The output layer is set at the end of the network to complete the label mapping. High-level features from the FC layer are sent to the output layer to determine their associated classification patterns. This layer uses the classification cross entropy function as the loss function to guide the learning of the network and uses the Softmax classification function to calculate the probability of possible categories, which can be expressed as Equation (23) and Equation (24).

L = - \frac{1}{N} \sum_{n = 1}^{N} \sum_{k = 1}^{K} l_{k}^{(n)} \log (Ψ_{k}^{n})

(23)

Ψ_{k}^{n} = \frac{\exp (η_{k})}{\sum_{m = 1}^{K} \exp (η_{m})}

(24)

where N is the number of small batch samples, K is the set of all classes k,

l_{k}^{(n)}

is the one-hot ground truth label of sample n for class k, and

Ψ_{k}^{n}

is the probability of sample n belonging to class k.

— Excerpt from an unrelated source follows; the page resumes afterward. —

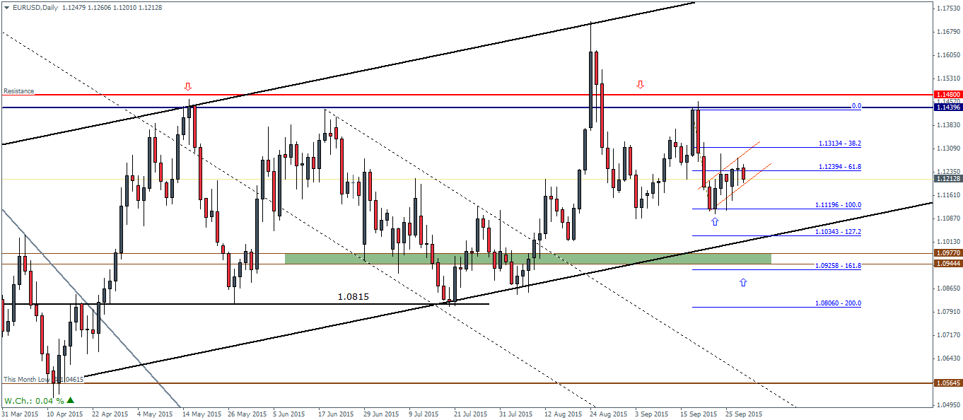 EURUSD (1.120): EURUSD formed a doji candlestick pattern yesterday indicating the previous session’s bullish engulfing candle was probably losing strength and momentum. Today’s bearish close is likely to confirm the bears coming back into control. EURUSD has also formed a bearish flag pattern which will be confirmed on a breakout from the channel and on the break of the first support at 1.1119. The measured move to the downside on a successful flag pattern indicates a decline to 1.0925 at the minimum which sits just a few pips below the main support level identified between 1.0977 – 1.09444. Price is still trending in the larger rising price channel indicating that the longer term bias is to the upside, but it could change depending on how prices react near 1.0925 region. To the upside, resistance comes at 1.144 region if a daily candle manages to close above the doji high at 1.128.

2.2.2. Training Strategies and Hyperparameter Configurations

The performance of the network depends not only on the layout of the layer but also on the training strategy and hyper-parameter configuration. To avoid the over-fitting problem and achieve efficient and stable convergence of the training process, Adam optimization algorithm, mini-batch, L2 regularization, and Dropout are applied to the network. The Adam optimization algorithm [38] with an adaptive learning rate is used to update the parameters of each layer, in which the learning rate changes adaptively in different learning stages, and three hyperparameters, α, β1, and β2, are used to control the optimization process of the learning rate. In addition, mini-batch, L2 regularization, and Dropout techniques [37] are employed to avoid network overfitting. In this study, the hyperparameter configurations of the network are determined through a manual trial-and-error method. The strategy for adjusting these hyperparameters is to enable the network to achieve a rapid and stable convergence during pre-training. The final optimal configurations are presented in Table 2.

3. Case Study

3.1. Bridge Damage Simulation

The proposed damage identification method was validated on a continuous rigid-frame bridge model constructed with reinforced concrete. The steel reinforcement used is HRB335, with the girder made of C50 concrete and the piers made of C40 concrete. Damage scenarios were focused on the piers, which have hollow rectangular sections with a reinforcement ratio of 0.6%. The layout of the bridge model is illustrated in Figure 6.

A finite element model of the bridge is established in OpenSees(3.7.0) to simulate its damage status and vibration responses. The damage status of the bridge is simulated by altering the stiffness of elements at the bottom of the four piers. The four levels of damage assigned to the elements are defined as Intact, Minor, Moderate, and Severe, corresponding to stiffness reductions of 0%, 20%, 50%, and 80%, respectively. To obtain the vibration responses of the damaged bridge model, white noise excitation is applied to the bases of the four piers in the longitudinal direction. The horizontal acceleration responses at the top and bottom of each pier are extracted, totaling eight measurement points. The sampling frequency for both excitation and response is set at 100 Hz, and the duration of the white noise excitation is set at 10 s, resulting in each measurement point having 1000 data points of acceleration response.

Six damage scenarios are generated with representative combinations of damage levels, and the damage states of the six damage scenarios are detailed in Table 3.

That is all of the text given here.